So, you ask, what’s in the box Jay’s holding in the aisle? Hell if I know. “SELEX Galileo, a Finmeccanica company, is today leading a demonstration of IMSK (Integrated Mobile Security Kit),” an army-technology.com published presser reveals (in its own special way), “a European Union project that enables security teams at highprofile events such as economic summits to deliver improved security through the provision of improved situational awareness.” Hope that helps. Rest assured, there is gun stuff here. “At the event new and novel technologies include a sniper detection system that spots threats before shots are fired by scanning for the reflection from a sniper scope (and which can also detect any other scope, such as high power camera lenses).” Who knew that Kate Middleton and this guy had so much in common?
That gas mask won’t work too well without a canister.
Look close; it’s on the far side. Guy’s a lefty.
Nah, it’s a Finnish surplus mask, and they only have a position for a filter on the left.
Gubmint wants to make it harder for the skate board types to disrupt summits and conferences.
Iron sights?

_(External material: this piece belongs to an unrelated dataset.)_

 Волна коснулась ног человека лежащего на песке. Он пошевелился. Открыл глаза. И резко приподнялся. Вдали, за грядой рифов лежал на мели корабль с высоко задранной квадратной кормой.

Kill flash?
McDonald’s finally got serious about transporting their “coffee.”
Right. ‘Cause we all know there isn’t a scope in the world that’s been treated with an anti-reflective coating on the business end.
Just get an extended tube off your objective lens and you won’t be seen. And, as pointed out, a good set of peep sights renders the entire idea non-operational.

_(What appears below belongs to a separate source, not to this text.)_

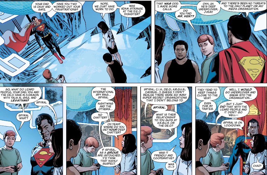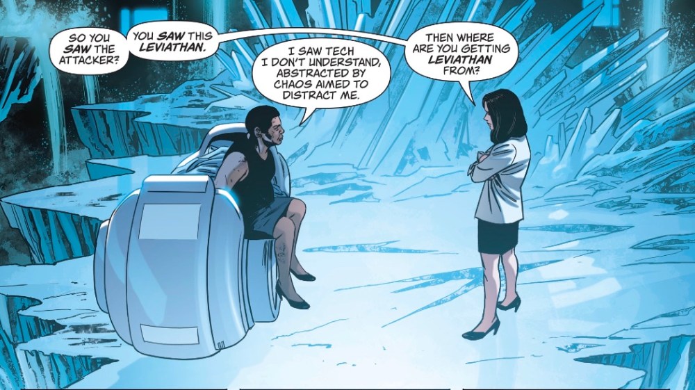 Superman has brought Lois, Waller and Jimmy Olsen to his Fortress of Solitude fo protect them in the wake of attacks on the world’s biggest security and super-science organisations by the shadowy Leviathan. ARGUS, the DEO, Cadmus… no one seems safe from bombs with a signature blue explosion.

This is yet another example of a company preying on the ignorance of political hacks and bureaucrats.
Maybe someone will invent some kind of.. I dunno.. covering? One could drape over a scope to hide it? Some kind of… veil.. maybe?
Prime example of things being built by people who don’t understand what they’re building.
They understand what they’re building. The buyers just haven’t a clue about what they need. The shiny things sell.
If Battlefield 3 has taught me anything, it’s that you can see a scope aimed at you from .25 light years away.
Also, I’d be so friggin dead in combat.
“provision of improved situational awareness” is the finest example of beauracratic gibbirsh I’ve run across since the last time I got my hands on some internal Houston Independent School District memos.